Jogo feito
por Jorge Cortás Sader Filho
Chovia fino naquela madrugada fria de
meados de julho.
Interessante. A gente nunca sabe o que
pode acontecer numa hora desta. O homem já com alguma idade, uns trinta e
pouco, talvez, ajeitava sua japona grossa, da marinha mesmo, comprada numa loja
de uniformes perto do Primeiro-Distrito Naval. Não passava frio nem no gelo, se
estivesse por cima de camisa de malha com mangas compridas, como o mal-encarado
estava usando. Moreno, boa altura, sapatos mocassim pretos, calça de veludo
cotelê, preta também.
O conhaque espanhol estava em cima da
mesa, com um copo próprio pela metade, ele já havia tomado um pouco. Acariciava
uma Colt, calibre quarenta e cinco, sua arma de predileção. Estas pistolas
atuais, que dão mais de quinze tiros, não são eficazes como a velha Government
Model. Pesadona, boa de empunhar, sem apresentar nenhum defeito se a munição
for nova ou dentro do prazo de validade. Especialmente naquela noite a arma não
poderia falhar.
Goteiras pingavam a água da chuva, no
velho galpão onde fora residência de um caseiro do sítio, e guardava velhas
tralhas de jardinagem. Alheio a tudo isto, o homem magro continuava a beber seu
conhaque com café, enquanto fumava e mexia na pistola, engatilhando, levando o
cão até a frente, tirando o carregador e a bala da câmara.

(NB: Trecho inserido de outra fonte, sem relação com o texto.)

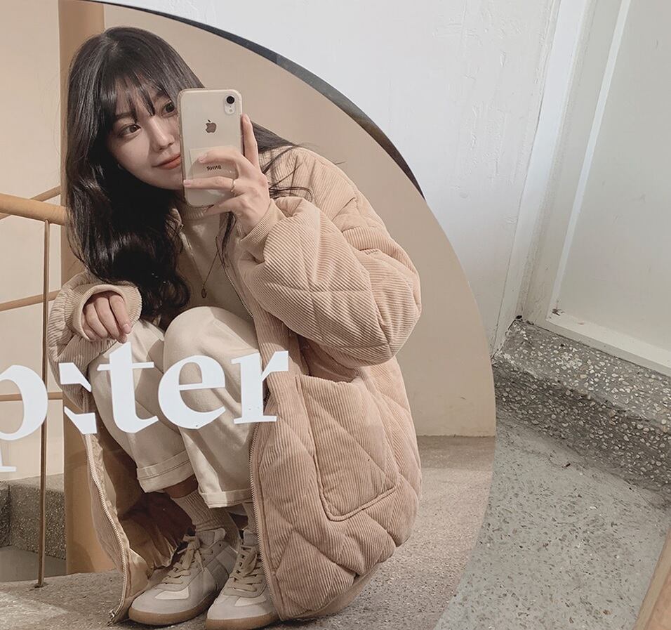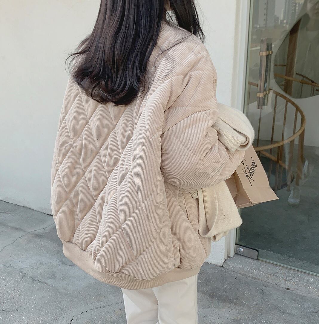 キルティングブルゾン ジャケット アウター 長袖 シンプル レトロ 通勤 通学 韓国ファッション 2color S-XL
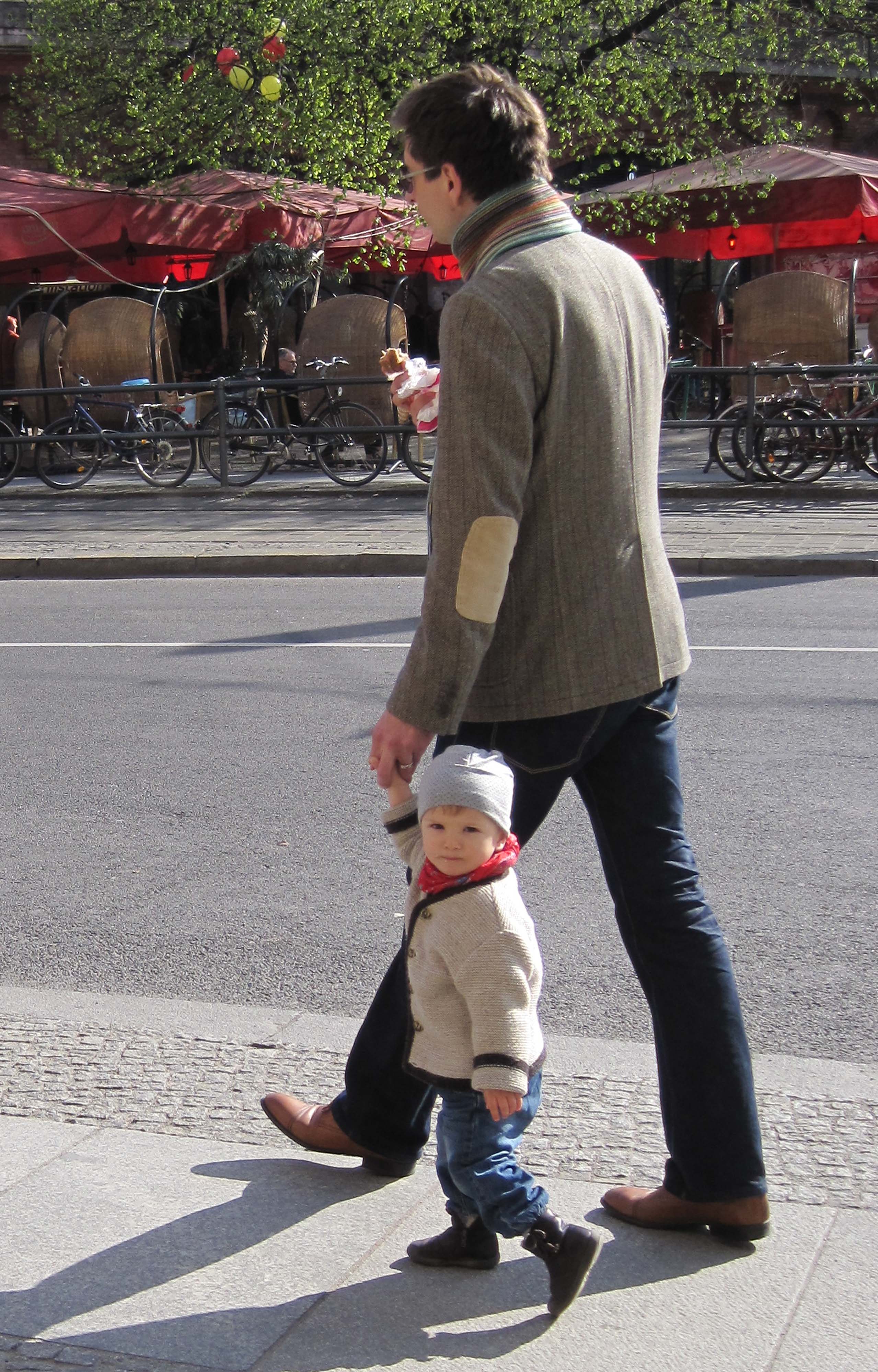 Vader en zoon wandelen (Berlijn, Duitsland).
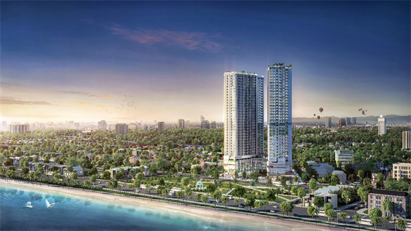 Dự án được bố trí hai tòa tháp, thiết kế hình cánh cung mở, vươn mình đón làn gió tươi mát từ vịnh biển thổi vào và đón nhận may mắn và vượng khí cho gia chủ.
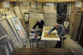 ITALY. Umbria. 2012. Artists make a mural of Jesus and Judah...
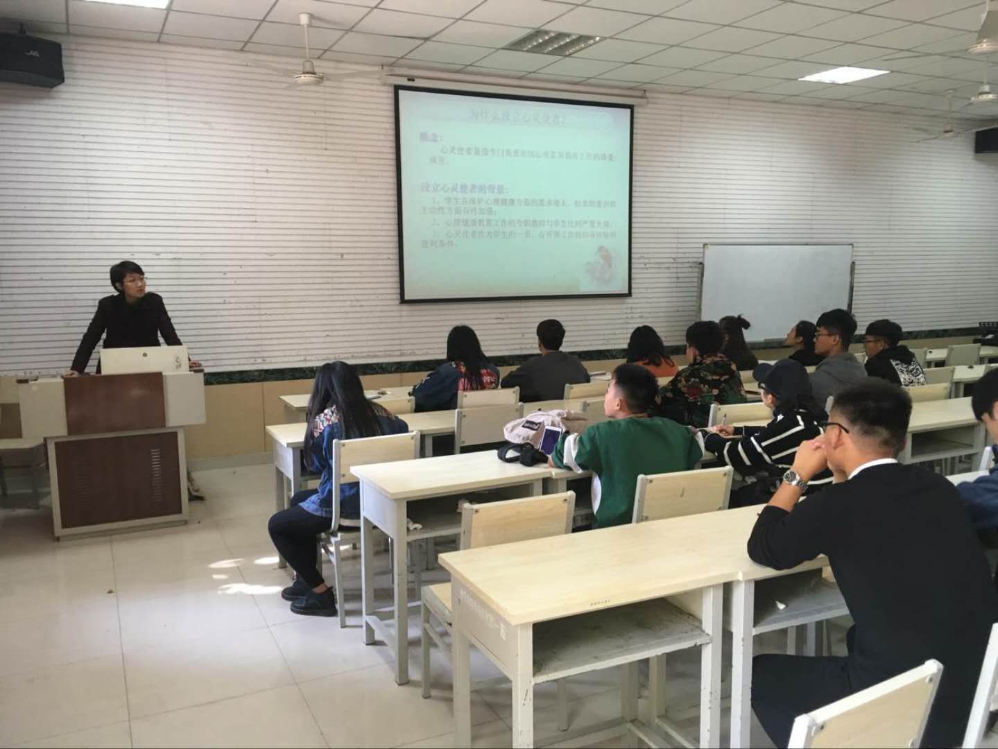 多媒体教室二举行了第六届心理协会成立大会暨心灵使者培训大会,本次会议由心协主席王慧慧主持,全体心理协会成员及2017级心灵使者参加了活动。

Como uma brincadeira, repetia os
movimentos incessantemente. Viu quando os faróis da caminhoneta moderna
varreram o quintal. “Chegou a hora”, falou consigo mesmo. Experimentado,
colocou a garrafa de conhaque e dois tocos de cigarros fumados numa mochila que
carregava. No bule de café e no copo não tinham suas digitais. Havia usado uma
luva fina, as impressões eram de outra pessoa.

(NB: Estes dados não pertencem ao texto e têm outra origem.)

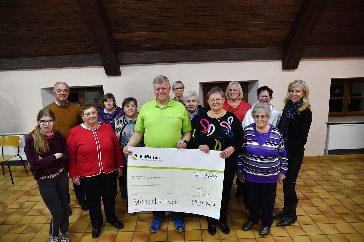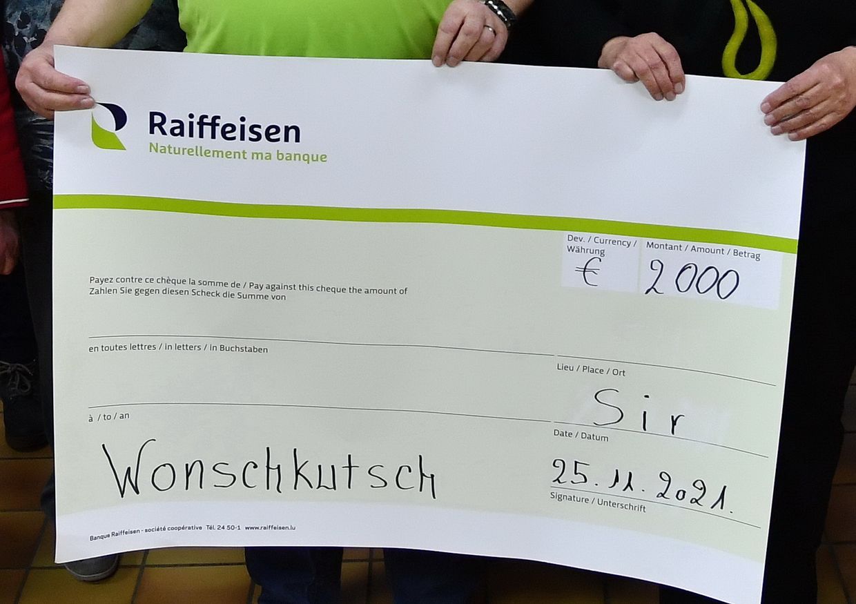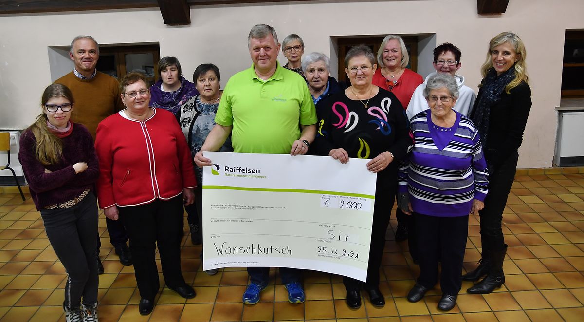 Sir: Viru kurzem hun d’Frae vu Sir sech vun hierer bëschter Säit gewissen. Am Kader vun enger klenger Feierstonn am Festsall vu Sir hun di eifrig Fraen aus der Uertschaft nämlich e Scheck, nieft enger weiderer Spend, dat den Erléis vun hirem Hierkenowend am Oktober 2019 duerstellt, weidergin. Agangs huet sech d’Presidentin Jeanny Reisen bei alle Memberen a Comitésläit fir hirt freiwëllegt Engagement, haerzlech bedankt. Pandemie Bedingt konnt bis auf Weiteres keng Veranstaltung organiséiert gin, mat der Hoffnung dat an Zukunft och nach besser Zäiten fir all Laït nach komme waerten. Mat engem ofrichtige Merci konnte de Matthieu De Dood e Scheck iwert 2 000 Euro entgéint huelen, den der Vereenegung „Wonschkutsch“ zugut komme waert . A kurze Wieder huet hien d’Vereenegung virgestallt déi zënter ronn véier Joer besteht mat dem Ziel Mënschen déi an enger palliativer Situatioun sin, an ënnert enger schwéierer an onheelbarer Krankeheet leiden, e läschte Wonsch ze erfëllen. Si organiséirern den Transport je no Gesondheetszoustand mat denen passenden Mëttelen un, déi och vu ausgebildeten Fräiwëllegen betreit gin. Och de Paschtouer Marco Wehles huet Merci gesoot fir di generéiss Spend, wou e Käerzestänner fir Votivkäerzen, engt neit Messgewand mat enger Stola konnten ugeschaaft gin. Am Numm vun der Gemeng Bauschelt huet d’Félicie Reuter de Fraen vu Sir fir d‘Initativ an hirt Engagement hire Luew a Respekt, ausgesprach. (CR)(Foto: Charles Reiser)

Meses antes, uma conhecida e belíssima
artista de teatro e novelas de televisão, havia se passado de armas e bagagens
para o lado do conhecido financista Affonso, no momento negociando uma casa de
venda de pedras preciosas. Coisa grande, mas o antigo dono da maior joalheria
do Rio tinha dinheiro, além de ser conhecedor de gemas de valor. A última delas
era a artista famosa. Namorava o seu filho, um homem de trinta e dois anos,
também metido com negócios, com a vantagem de possuir sólida formação
matemática, ciência em que havia se bacharelado. Apresentara a namorada ao pai
e jantaram juntos, num conhecido e elegante lugar da moda, em Ipanema. Foi o
bastante para o velho ter virado a cabeça. Conhecia os casos do filho, sempre
envolvido com beldades por causa de dois atributos fortes e muito favoráveis:
era bonito e rico, além de jovem.
Dois meses depois, a guria já estava
casada, casadíssima com o velho Affonso, que não se cansava de admirar a beleza
da esposa e consumir muitos comprimidos contra a famosa disfunção erétil. Dava
sempre certo.
Célio, o filho, ficou puto da vida, mas
não tinha como alterar as coisas. A sacana da guria tinha trapaceado, e com o
pai!
Primeiro ele pensou em encher a gaúcha de
porrada. Mas quem já foi treinado para matar sempre prefere esta opção. Havia
cursado a escola de formação de oficiais da reserva do exército, e gostou muito
do núcleo das forças especiais, onde saiu habilitado com louvor.
Os faróis continuavam a varrer a mata do
sítio, e já não havia mais chuva, apenas a relva molhada, na qual a jovem caiu
para não mais levantar, com o vestido molhado de sangue.